--- START ---

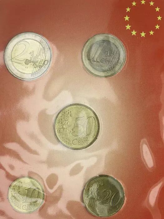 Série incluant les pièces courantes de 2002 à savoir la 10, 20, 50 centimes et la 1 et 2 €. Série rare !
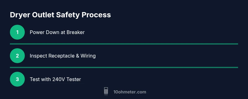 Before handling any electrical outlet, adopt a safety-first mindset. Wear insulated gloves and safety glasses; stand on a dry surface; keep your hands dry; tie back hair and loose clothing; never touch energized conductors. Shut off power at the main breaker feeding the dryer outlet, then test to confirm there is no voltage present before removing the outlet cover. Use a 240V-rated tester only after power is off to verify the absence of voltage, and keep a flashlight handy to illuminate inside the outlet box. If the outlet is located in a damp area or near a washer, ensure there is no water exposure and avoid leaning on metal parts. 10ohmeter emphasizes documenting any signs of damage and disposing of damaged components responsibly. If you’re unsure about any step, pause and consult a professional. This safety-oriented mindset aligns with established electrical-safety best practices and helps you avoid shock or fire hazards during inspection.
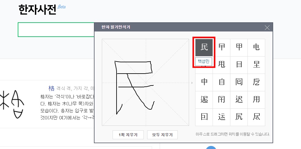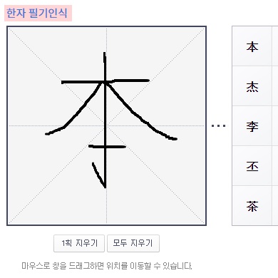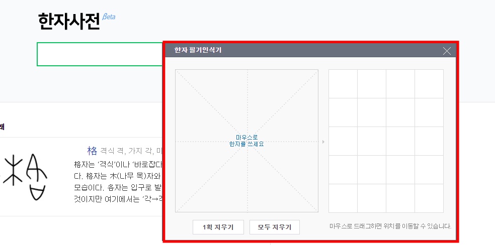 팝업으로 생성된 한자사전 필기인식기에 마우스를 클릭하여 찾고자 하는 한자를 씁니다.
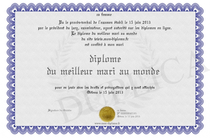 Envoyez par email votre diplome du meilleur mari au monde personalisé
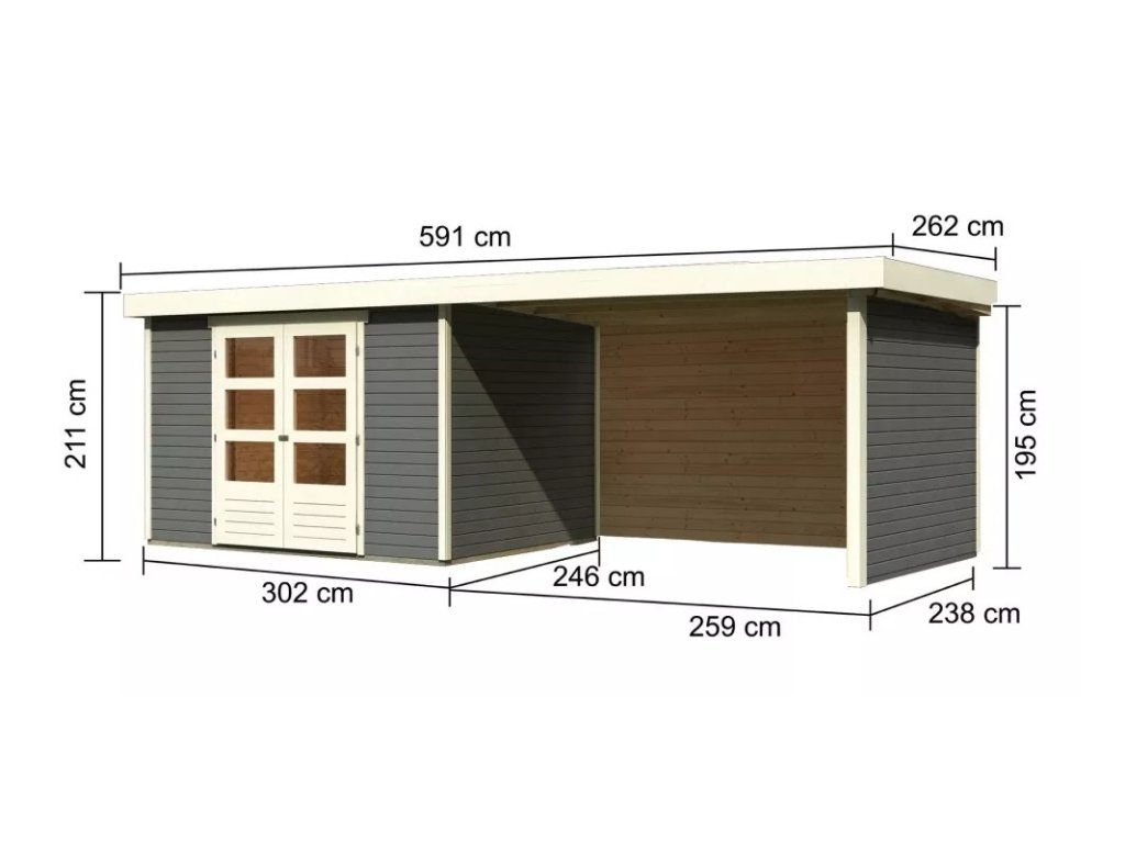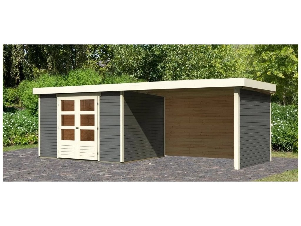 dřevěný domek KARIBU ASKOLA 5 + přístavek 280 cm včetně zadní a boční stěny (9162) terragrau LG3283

--- END ---

_WORK REQUEST:_
Print, exactly and without pictures, the lines from the one holding "팝업으로 생성된 한자사전" through the last line of the entries above, both included.

_RESPONSE BELOW:_
 팝업으로 생성된 한자사전 필기인식기에 마우스를 클릭하여 찾고자 하는 한자를 씁니다.
 Envoyez par email votre diplome du meilleur mari au monde personalisé
 dřevěný domek KARIBU ASKOLA 5 + přístavek 280 cm včetně zadní a boční stěny (9162) terragrau LG3283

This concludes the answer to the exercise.